● **LISTED RECORDS**:
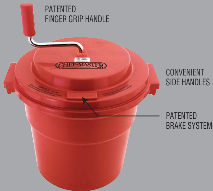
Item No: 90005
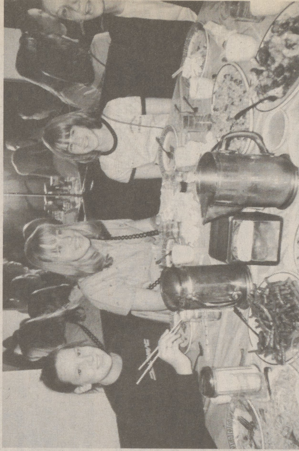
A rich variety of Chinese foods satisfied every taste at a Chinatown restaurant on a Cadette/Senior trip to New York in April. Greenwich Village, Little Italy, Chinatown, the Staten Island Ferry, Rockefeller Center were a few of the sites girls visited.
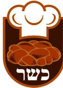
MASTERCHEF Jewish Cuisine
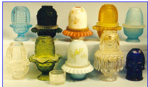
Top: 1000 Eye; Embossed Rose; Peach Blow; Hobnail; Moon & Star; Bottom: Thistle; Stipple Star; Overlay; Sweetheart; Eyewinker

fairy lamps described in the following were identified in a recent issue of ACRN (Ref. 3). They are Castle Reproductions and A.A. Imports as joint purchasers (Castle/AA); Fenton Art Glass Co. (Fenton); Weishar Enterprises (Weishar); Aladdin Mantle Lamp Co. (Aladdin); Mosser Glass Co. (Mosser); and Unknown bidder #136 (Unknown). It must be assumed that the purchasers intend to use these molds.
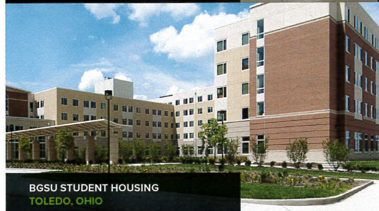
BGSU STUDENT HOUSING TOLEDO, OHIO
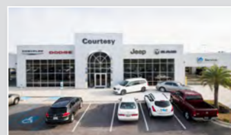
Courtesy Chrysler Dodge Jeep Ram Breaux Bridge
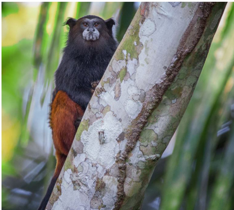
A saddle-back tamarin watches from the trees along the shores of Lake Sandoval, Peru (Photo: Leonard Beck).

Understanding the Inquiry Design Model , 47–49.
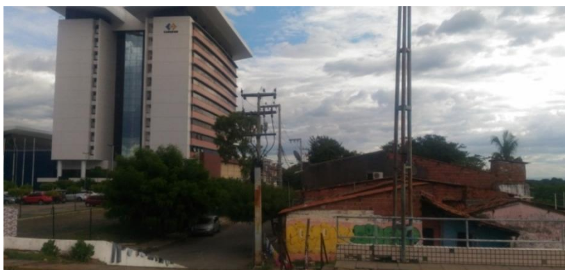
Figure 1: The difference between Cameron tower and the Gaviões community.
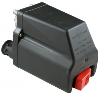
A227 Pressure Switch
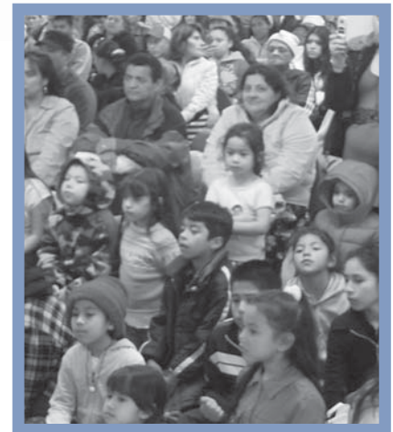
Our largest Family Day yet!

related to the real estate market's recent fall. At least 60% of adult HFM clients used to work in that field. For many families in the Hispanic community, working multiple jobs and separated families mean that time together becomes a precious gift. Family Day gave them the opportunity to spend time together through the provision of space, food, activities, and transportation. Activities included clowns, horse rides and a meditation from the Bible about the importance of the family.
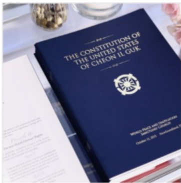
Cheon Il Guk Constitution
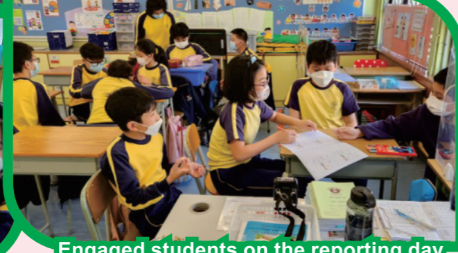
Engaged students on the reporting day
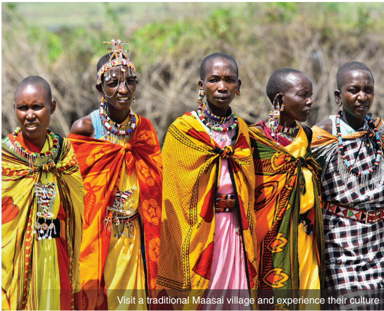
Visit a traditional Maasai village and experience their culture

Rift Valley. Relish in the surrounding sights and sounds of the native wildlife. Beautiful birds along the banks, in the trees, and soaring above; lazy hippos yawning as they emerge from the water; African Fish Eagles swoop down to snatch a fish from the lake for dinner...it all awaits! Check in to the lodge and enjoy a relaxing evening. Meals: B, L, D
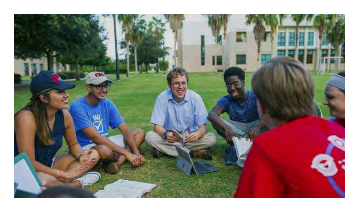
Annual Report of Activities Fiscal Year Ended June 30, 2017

...

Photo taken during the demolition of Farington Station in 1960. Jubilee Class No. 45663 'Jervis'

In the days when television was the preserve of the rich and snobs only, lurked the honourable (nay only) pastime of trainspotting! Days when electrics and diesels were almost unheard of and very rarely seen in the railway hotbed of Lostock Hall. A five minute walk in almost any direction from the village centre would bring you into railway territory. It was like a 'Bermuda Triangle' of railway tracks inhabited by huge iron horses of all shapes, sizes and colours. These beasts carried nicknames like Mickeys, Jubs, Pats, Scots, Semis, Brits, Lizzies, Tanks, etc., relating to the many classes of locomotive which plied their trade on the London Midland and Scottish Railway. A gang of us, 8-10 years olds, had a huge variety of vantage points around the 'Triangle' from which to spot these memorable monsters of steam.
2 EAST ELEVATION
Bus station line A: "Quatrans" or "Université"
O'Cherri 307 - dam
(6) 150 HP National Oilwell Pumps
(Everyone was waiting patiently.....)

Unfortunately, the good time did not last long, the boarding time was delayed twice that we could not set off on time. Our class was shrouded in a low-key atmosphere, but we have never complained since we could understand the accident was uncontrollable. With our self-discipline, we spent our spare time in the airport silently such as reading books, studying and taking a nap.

● **INSTRUCTIONS FOR THE TASK**: Since only part of the listing is wanted, copy exactly the lines from the one holding "Bus station line" to the one holding "Unfortunately, the good", both included.

● **SOLVED EXERCISE**:
Bus station line A: "Quatrans" or "Université"
O'Cherri 307 - dam
(6) 150 HP National Oilwell Pumps
(Everyone was waiting patiently.....)

Unfortunately, the good time did not last long, the boarding time was delayed twice that we could not set off on time. Our class was shrouded in a low-key atmosphere, but we have never complained since we could understand the accident was uncontrollable. With our self-discipline, we spent our spare time in the airport silently such as reading books, studying and taking a nap.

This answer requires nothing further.